Молодой монашек как-то странно заерзал на стуле, Лёнюшка совсем так же, как вчера, вытаращил на нее глаза, но остальные слушали ее внимательно и безо всяких возражений.
– Может быть, – повернулась она к Калиостро, апеллируя к нему как к ученому богослову, – стоило бы решиться на кое-какие реформы в этой области: на Западе ведь уже давно признали необходимость Реформации, – она значительно посмотрела ему в глаза и вдруг поняла, что ее занесло в такие дебри такой завиральности, из которых давно пора выбираться и отступать восвояси. Однако она уже летела с крутой горы, у нее захватывало дух от собственных непредсказуемых пируэтов, и она была уже не в силах остановиться. Сладость полета увлекала ее все дальше. – Для этого можно пригласить известных поэтов, владеющих магией слова, – Андрюшу Вознесенского, например, или Женю Евтушенко, – я с ними хорошо знакома, это очень широкие люди, симпатизирующие религии. Они могли бы переложить ваши тексты на свой лад – современно, талантливо, метафорично! – она сделала попытку затормозить, но не удержалась и понеслась, отдаваясь собственному напору. – А может быть, было бы не лишним позвать известных драматургов, знакомых со спецификой зрелищной культуры, – Мишу Рощина, например...
– Бог сотворил человека, – говорил старый Александр, раскуривая утреннюю трубку, – и пустил его как актера на сцену своего мира, предоставляя ему, по собственному усмотрению, обыграть все детали отпущенного реквизита.

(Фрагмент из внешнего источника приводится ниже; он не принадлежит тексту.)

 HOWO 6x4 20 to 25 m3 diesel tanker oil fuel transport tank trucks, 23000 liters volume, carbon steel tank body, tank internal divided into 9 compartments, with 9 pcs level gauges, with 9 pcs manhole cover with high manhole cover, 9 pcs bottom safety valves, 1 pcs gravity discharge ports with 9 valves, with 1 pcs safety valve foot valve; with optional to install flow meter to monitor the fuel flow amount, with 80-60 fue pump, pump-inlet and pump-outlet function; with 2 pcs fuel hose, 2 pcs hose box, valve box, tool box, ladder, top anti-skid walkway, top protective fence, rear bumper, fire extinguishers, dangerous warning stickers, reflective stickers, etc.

Ирина сидела перед ним в белом утреннем платье, с накинутым на плечи легким «матинэ», теребя забравшуюся на веранду ветку сирени, которая покачивалась над ее плечом.

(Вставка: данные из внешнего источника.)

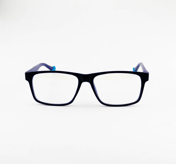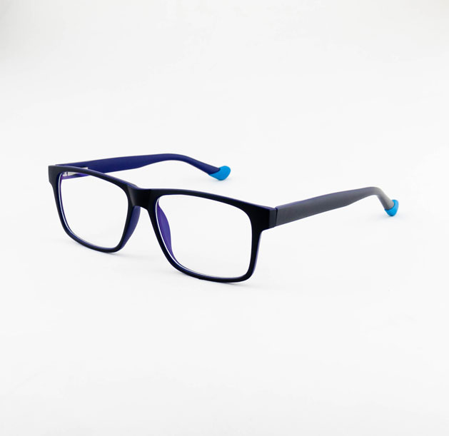 armação óculos grau atacado Material de acetato TR90 na cor preto com azul escuro e lente de acrílico. Armação, modelo frontal no formato retangular com aro fechado na cor azul escuro, ponte de acetato na cor azul escuro e plaqueta de acetato na cor azul escuro. Hastes de acetato TR90 na cor azul escuro com mola flexível que permite uma abertura de até 90º graus, que se ajusta ao rosto e ponteira de acetato na cor azul escuro para proporcionar conforto e segurança atrás da orelha. Armação com acabamento fosco.

– Мало того, – продолжал Александр, – Он как великий драматург дал человеку драгоценное право импровизации, соглашаясь в случае гениальной игры исправить написанный заранее текст и кое-где изменить ремарки, принимая тем самым его в соавторы.
Большие шмели кружились над золотистым вареньем, и Ирина отгоняла их бесстрашной рукой.
– Впрочем, – Александр на минуту задумался. – Божественная драматургия такова, что человек может, и не меняя текста, сто сорок четыре раза произнести одну и ту же фразу с совершенно разными интонациями, и она будет звучать каждый раз иначе, а иногда и прямо противоположно заключенному в ней смыслу.
Ирина стряхнула лепестки с платья.
– Я мечтаю написать такую пьесу, – Александр прищурил глаз и мечтательно посмотрел на нее, – где бы все диалоги были амбивалентны, а добро и зло могли бы с легкостью меняться местами...
– Я уверена, – продолжала Ирина, все увлекаясь полетом воображения, – что это привлекло бы в церковь огромную аудиторию – многие образованные, культурные люди стали бы приходить туда только для того, чтобы послушать мессу, стихи, проникнуться этим духом, отрешиться от мирских забот. И я просто голову даю на отсеченье, что контингент верующих тут же бы изменился!
– Безусловно! Нет никаких сомнений! – улыбнулся Калиостро. – Ну а чтобы вы стали делать с иконами? В какой манере посоветовали бы их писать? – он весело посмотрел на отца Иконописца. Тот опустил голову.
– Отец игумен, почто искушаете-то, а? – почти в отчаянье простонал убогий монах.
– О, да вы ведь, кажется, иконописец? – обратилась она к своему молчаливому визави. – А тогда сначала вы мне скажите – почему ваш Христос на куполе такой грозный? Прямо-таки гневный! Разве Он был такой? Мне кажется, Он добр, щедр, справедлив.
– Да, тут многие упрекают меня в этом, – сказал русобородый иконописец глуховатым голосом. – Многим хочется видеть Христа милующего, но не каждому по душе ожидать Христа взыскующего и грядущего судить живых и мертвых.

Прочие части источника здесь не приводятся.